## EXERCISE INSTRUCTIONS
Leave out the pictures, and retype the remaining data exactly.

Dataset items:

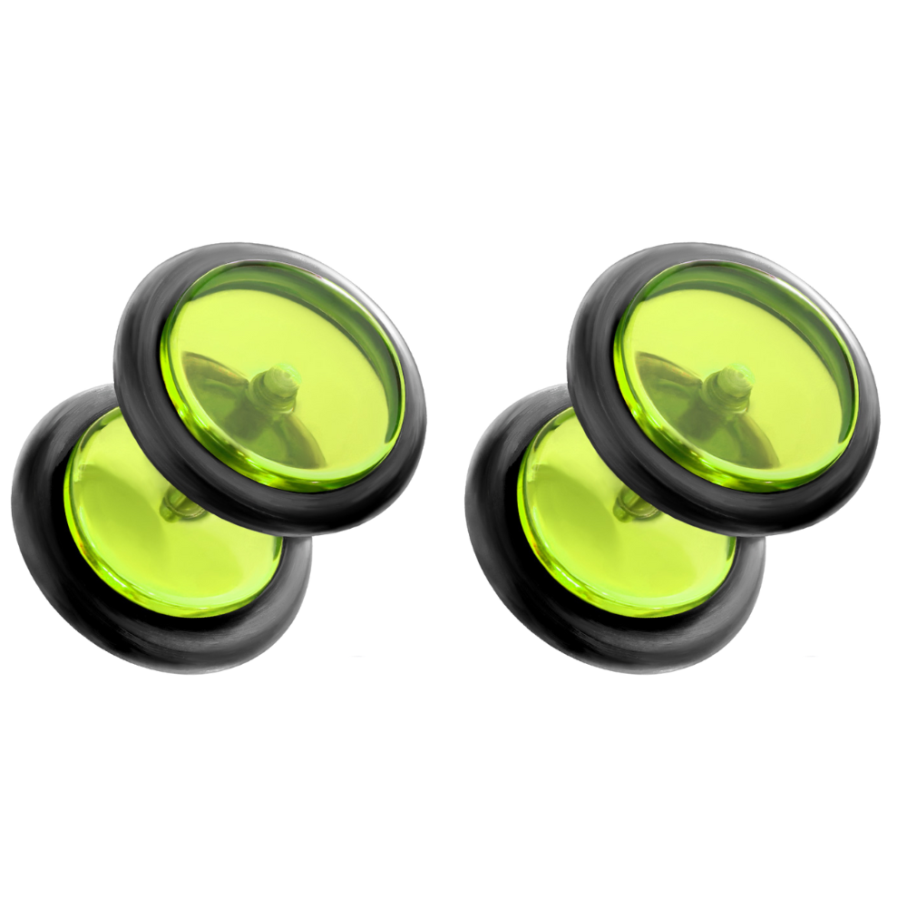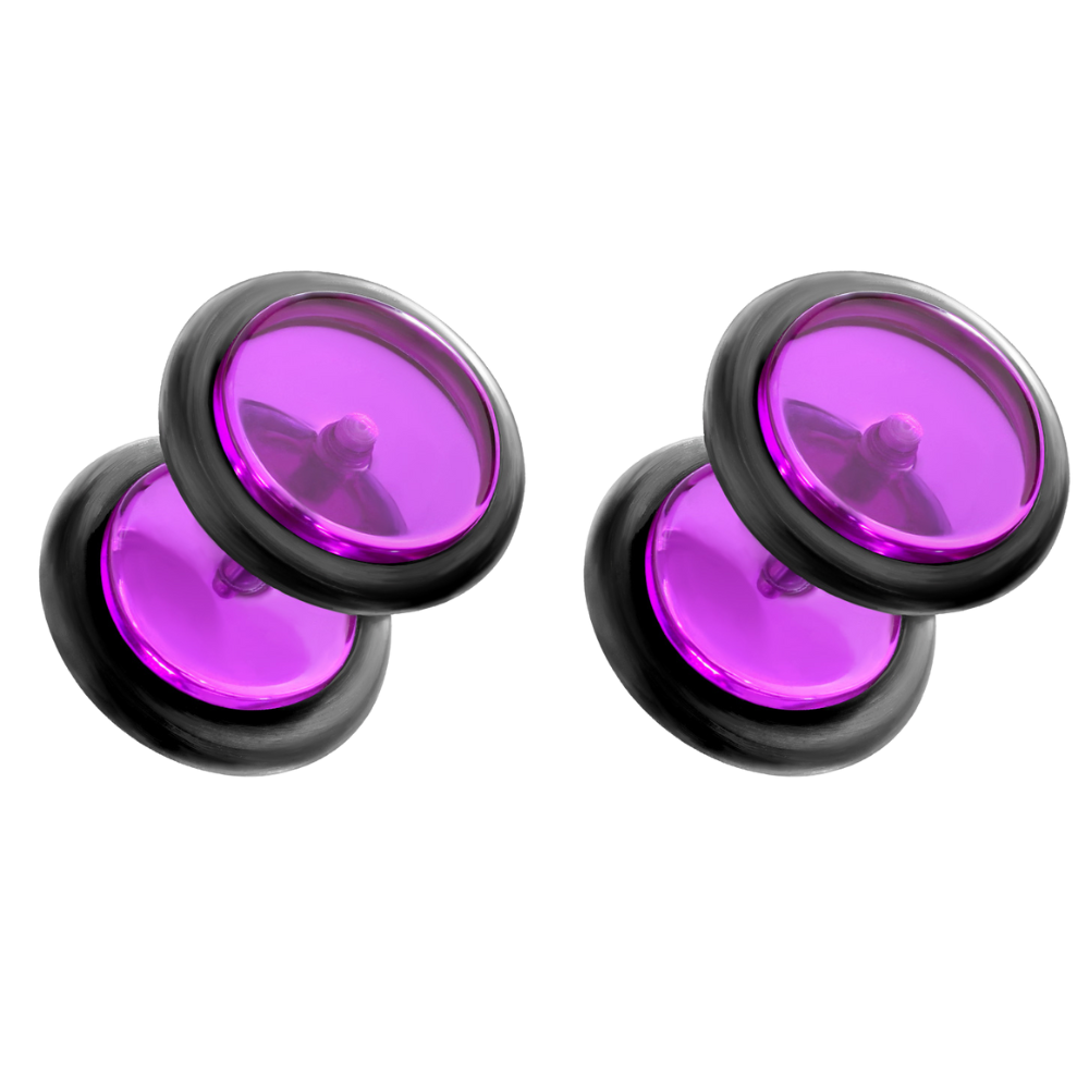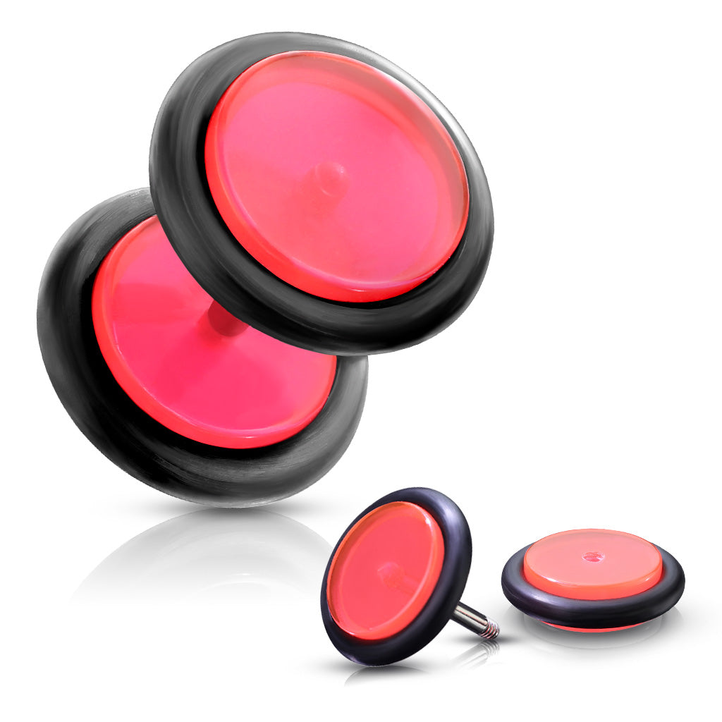 Acrylic Fake 0GA Plugs with Black O-Rings - Pair
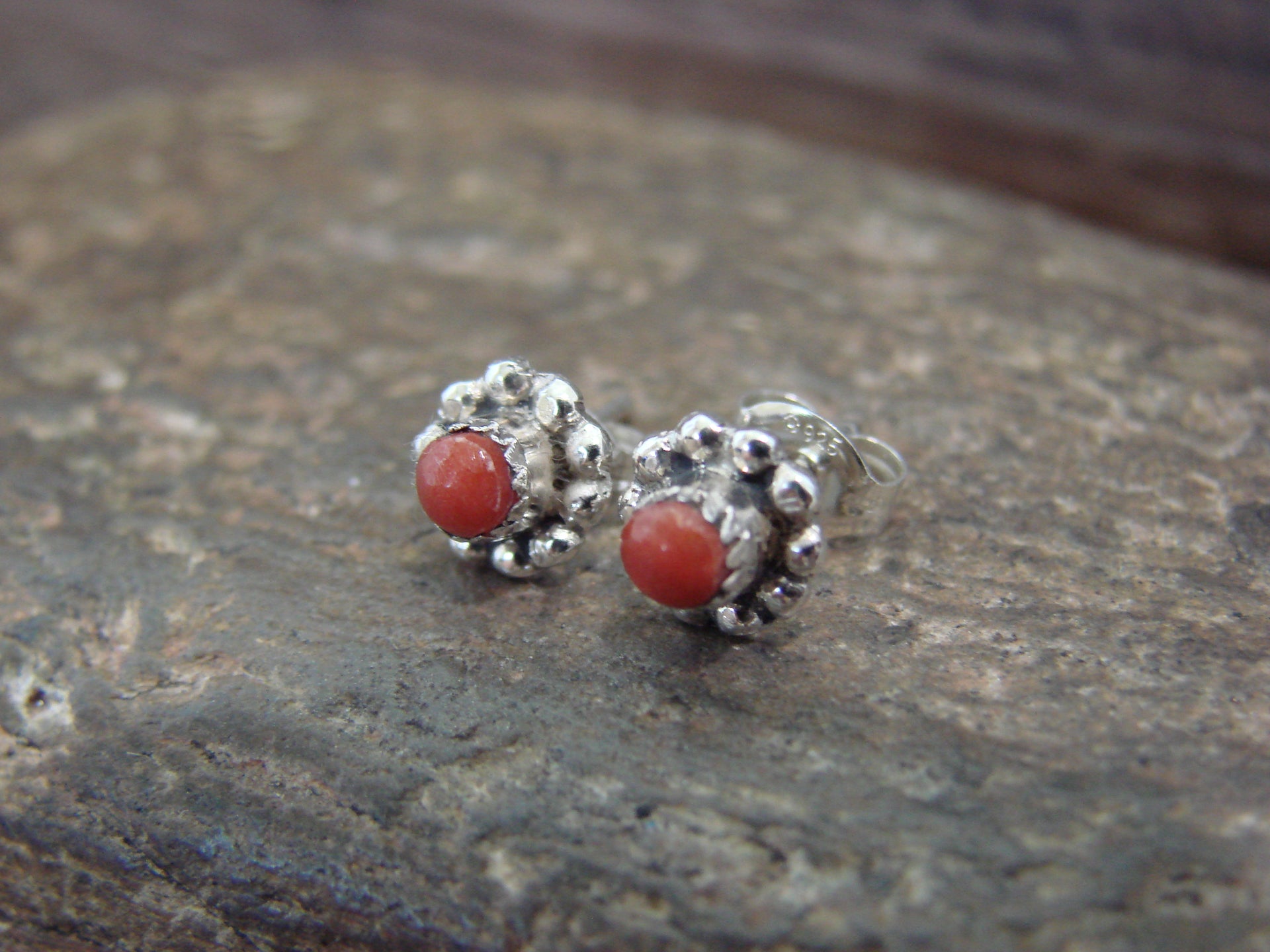 Native American Navajo Indian Sterling Silver & Coral Post Earrings from Western New Mexico. These earrings feature Beautiful Coral stones set into crown sterling silver bezels within shadowbox. settings This is a great pair of stud post earrings! Navajo Indian handmade by Rena Laate. Unsigned. Free shipping in a gift box included!
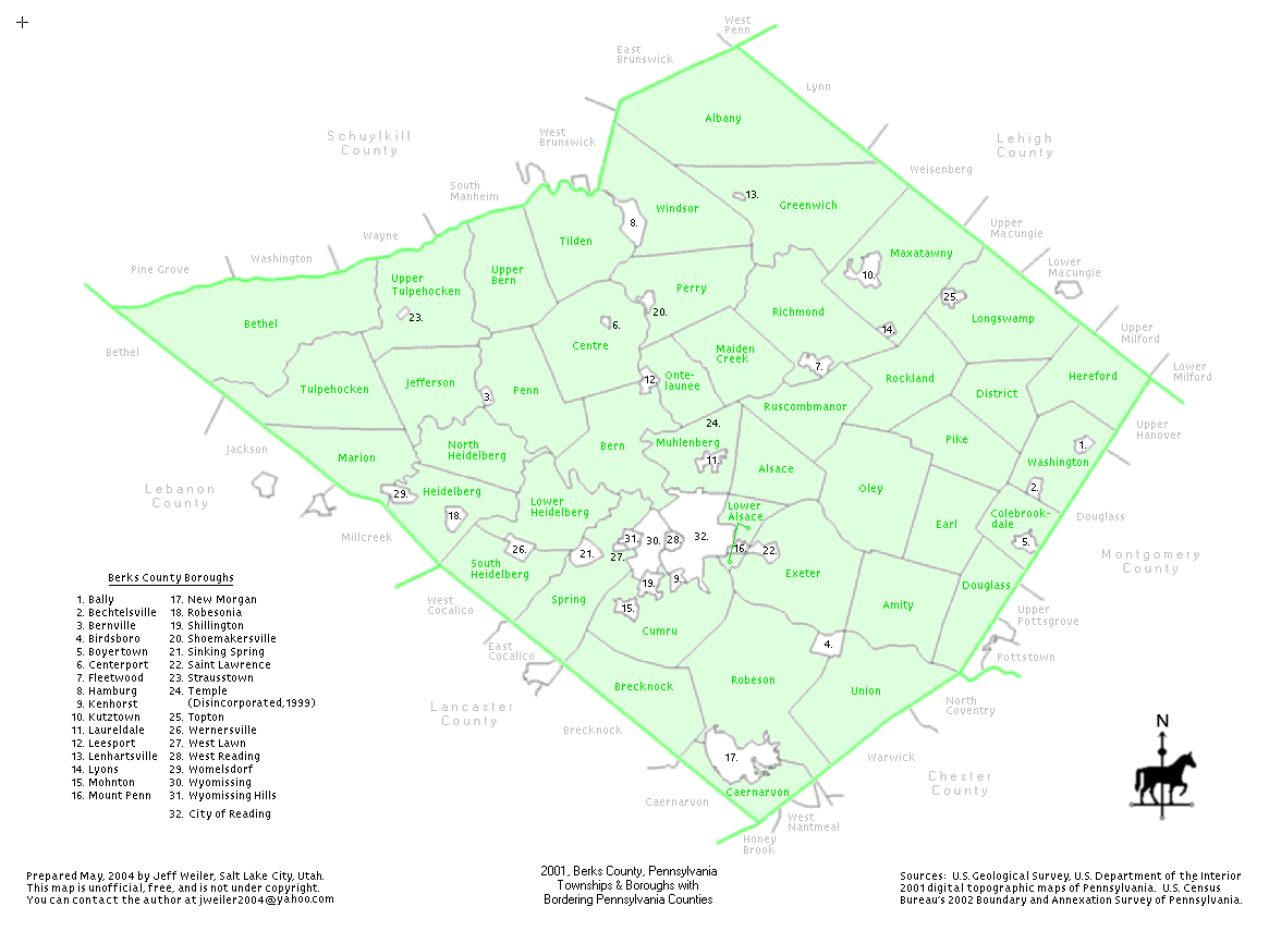 The following map showing townships in Berks County was created and contributed by Jeff Weiler. It is free for your use. Thanks Jeff!
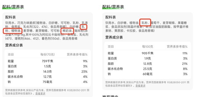 不同品牌、口味的雪糕添加的油脂不同|图源:小象超市截图
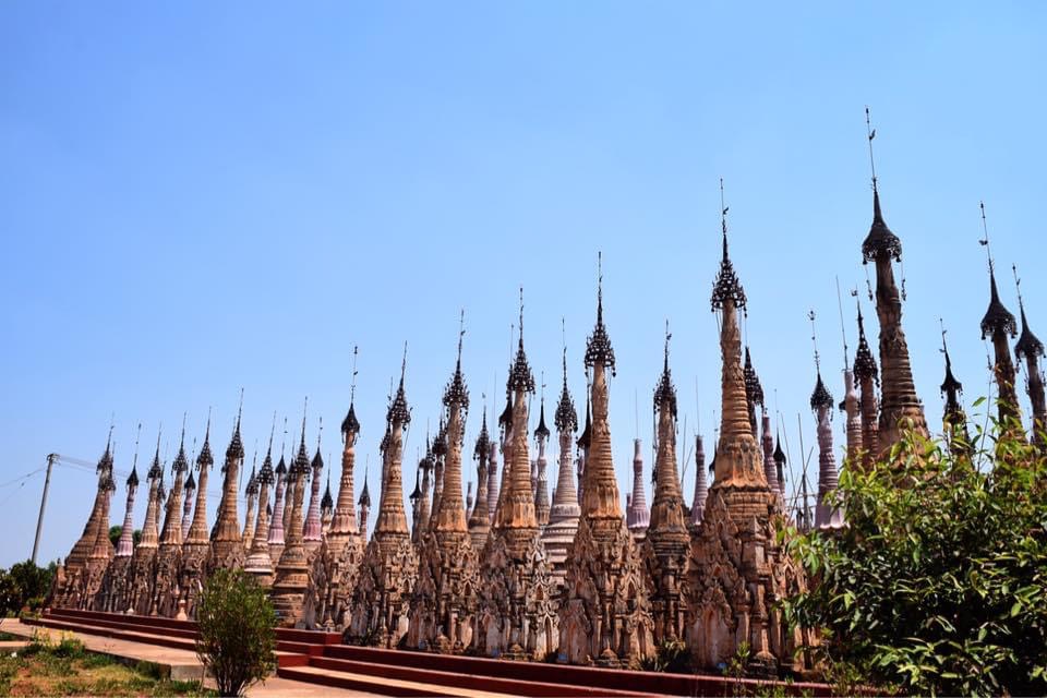 ガイドが同行してから1時間ほどでカックー遺跡に到着。遺跡には、たくさんの仏塔が立ち並んでいます。その数は2000を超えるそう。カックー遺跡は、パオ族とシャン族の遺跡で 両族の仏塔が半分ずつ並んでいるのだそう。見分け方をガイドの青年が説明してくれて、なるほどーとは思ったけど すぐに忘れてしまいました。
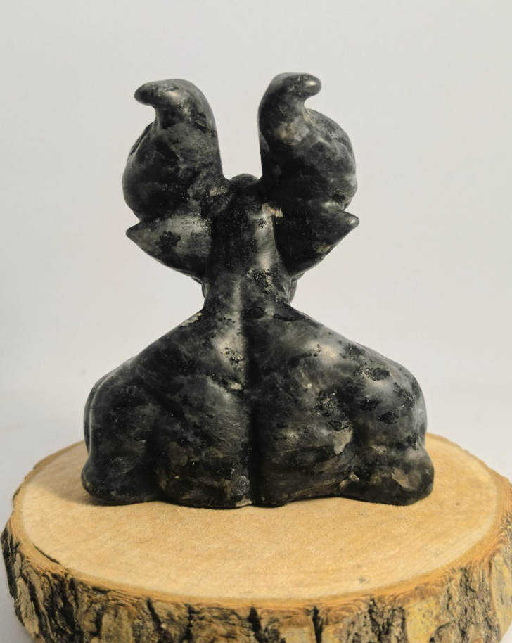 La stéatite, également connue sous le nom de « Pierre de Savon », est une roche métamorphique utilisée depuis des millénaires pour la sculpture sacrée. Sculptée sous la forme d'une créature cornue, elle incarne la force brute de la nature et le rôle de gardien des seuils. Ce buste aux nuances marbrées de gris et de noir nous rappelle que pour trouver l'équilibre, il faut savoir regarder ses propres zones d'ombre avec sérénité.
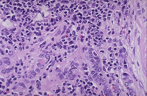 | Both lymphocytes and plasma cells are seen in this case of chronic pyelonephritis. It is not uncommon to see lymphocytes accompany just about any chronic renal disease: glomerulonephritis, nephrosclerosis, pyelonephritis. However, the plasma cells are most characteristic for chronic pyelonephritis. |
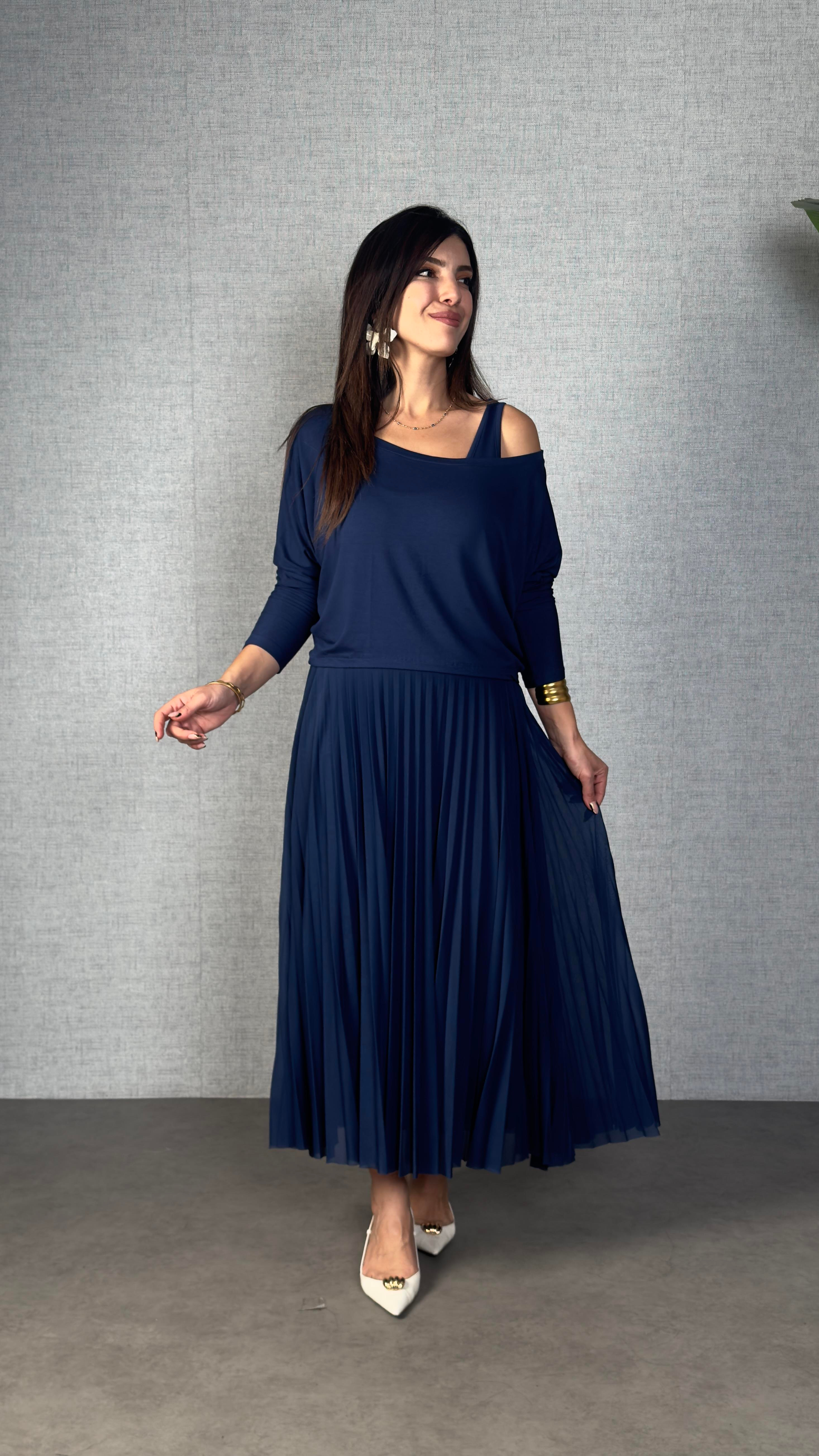 Enya Mavi Piliseli İkili Elbise
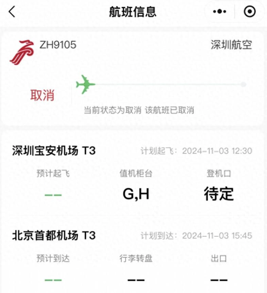 航旅纵横信息显示,11月2日从深圳飞往北京的ZH9105航班实际到达时间为19点33分,比原定到达时间15点45分延误了3小时48分。南都记者查询发现,11月3日从深圳飞往北京的ZH9105航班状态显示为取消。
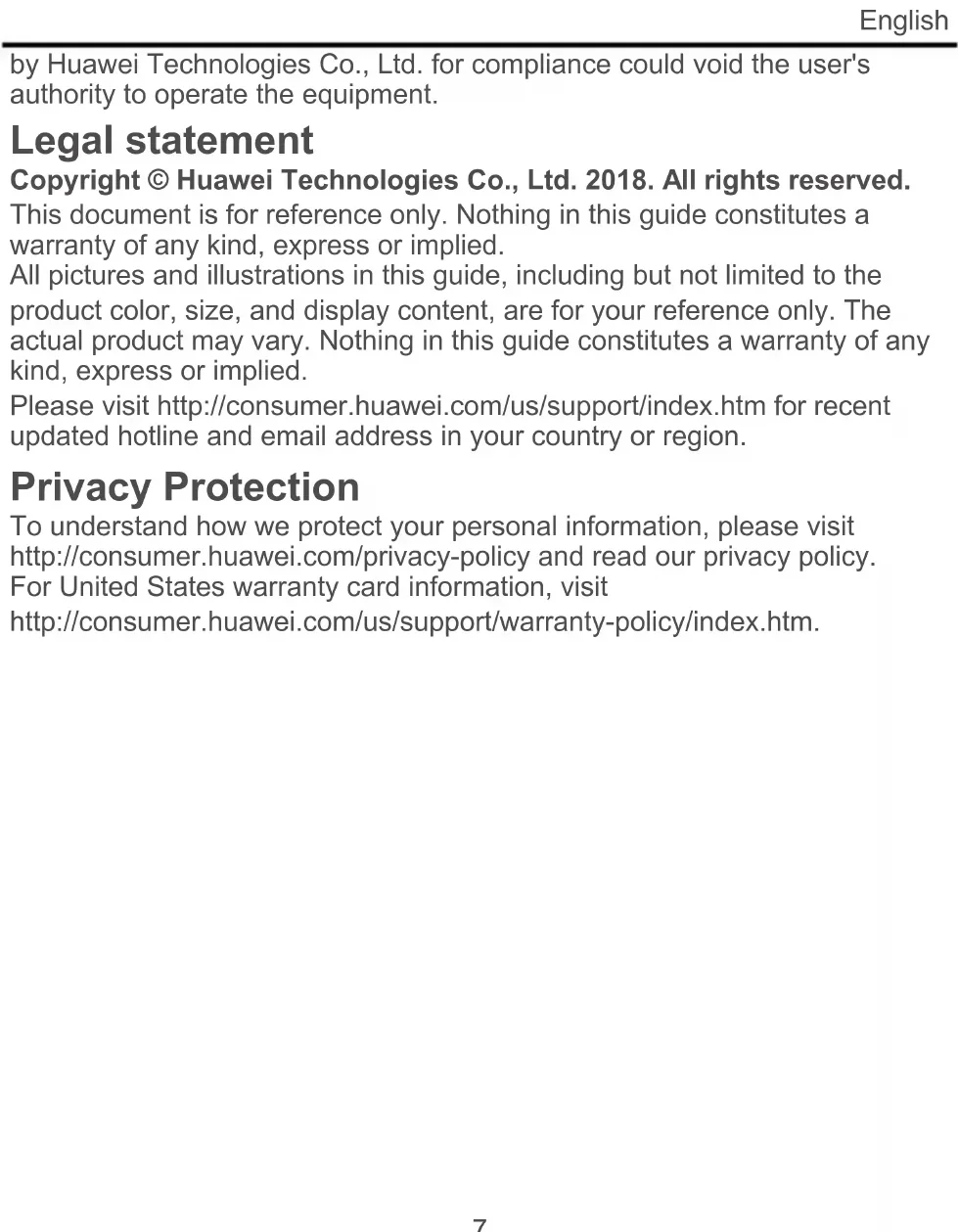 Този документ е само за справка. Нищо в ръководството не дава гаранции от какъвто и да било вид - преки или косвени. Всички снимки и илюстрации в настоящото ръководство, включително, но не само цветът и големината на продукта, и съдържанието на видимата информация, са само за ваше сведение. Реалният продукт може да се различава. Нищо в ръководството не дава гаранции от какъвто и да било вид - преки или косвени. Вижте http://consumer.huawei.com/us/support/index.htm за последна информация относно горещата линия за обслужване на клиенти и имейл адресите във вашата страна или регион. Защита на поверителността За да разберете как защитаваме личната ви информация, вижте http://consumer.huawei.com/privacy-policy и прочетете нашата политика за поверителност. За информация относно гаранционната карта в САЩ вижте http://consumer.huawei.com/us/support/warranty-policy/index.htm.Čeština

## ANSWER SPACE
 Acrylic Fake 0GA Plugs with Black O-Rings - Pair
 Native American Navajo Indian Sterling Silver & Coral Post Earrings from Western New Mexico. These earrings feature Beautiful Coral stones set into crown sterling silver bezels within shadowbox. settings This is a great pair of stud post earrings! Navajo Indian handmade by Rena Laate. Unsigned. Free shipping in a gift box included!
 The following map showing townships in Berks County was created and contributed by Jeff Weiler. It is free for your use. Thanks Jeff!
 不同品牌、口味的雪糕添加的油脂不同|图源:小象超市截图
 ガイドが同行してから1時間ほどでカックー遺跡に到着。遺跡には、たくさんの仏塔が立ち並んでいます。その数は2000を超えるそう。カックー遺跡は、パオ族とシャン族の遺跡で 両族の仏塔が半分ずつ並んでいるのだそう。見分け方をガイドの青年が説明してくれて、なるほどーとは思ったけど すぐに忘れてしまいました。
 La stéatite, également connue sous le nom de « Pierre de Savon », est une roche métamorphique utilisée depuis des millénaires pour la sculpture sacrée. Sculptée sous la forme d'une créature cornue, elle incarne la force brute de la nature et le rôle de gardien des seuils. Ce buste aux nuances marbrées de gris et de noir nous rappelle que pour trouver l'équilibre, il faut savoir regarder ses propres zones d'ombre avec sérénité.
 | Both lymphocytes and plasma cells are seen in this case of chronic pyelonephritis. It is not uncommon to see lymphocytes accompany just about any chronic renal disease: glomerulonephritis, nephrosclerosis, pyelonephritis. However, the plasma cells are most characteristic for chronic pyelonephritis. |
 Enya Mavi Piliseli İkili Elbise
 航旅纵横信息显示,11月2日从深圳飞往北京的ZH9105航班实际到达时间为19点33分,比原定到达时间15点45分延误了3小时48分。南都记者查询发现,11月3日从深圳飞往北京的ZH9105航班状态显示为取消。
 Този документ е само за справка. Нищо в ръководството не дава гаранции от какъвто и да било вид - преки или косвени. Всички снимки и илюстрации в настоящото ръководство, включително, но не само цветът и големината на продукта, и съдържанието на видимата информация, са само за ваше сведение. Реалният продукт може да се различава. Нищо в ръководството не дава гаранции от какъвто и да било вид - преки или косвени. Вижте http://consumer.huawei.com/us/support/index.htm за последна информация относно горещата линия за обслужване на клиенти и имейл адресите във вашата страна или регион. Защита на поверителността За да разберете как защитаваме личната ви информация, вижте http://consumer.huawei.com/privacy-policy и прочетете нашата политика за поверителност. За информация относно гаранционната карта в САЩ вижте http://consumer.huawei.com/us/support/warranty-policy/index.htm.Čeština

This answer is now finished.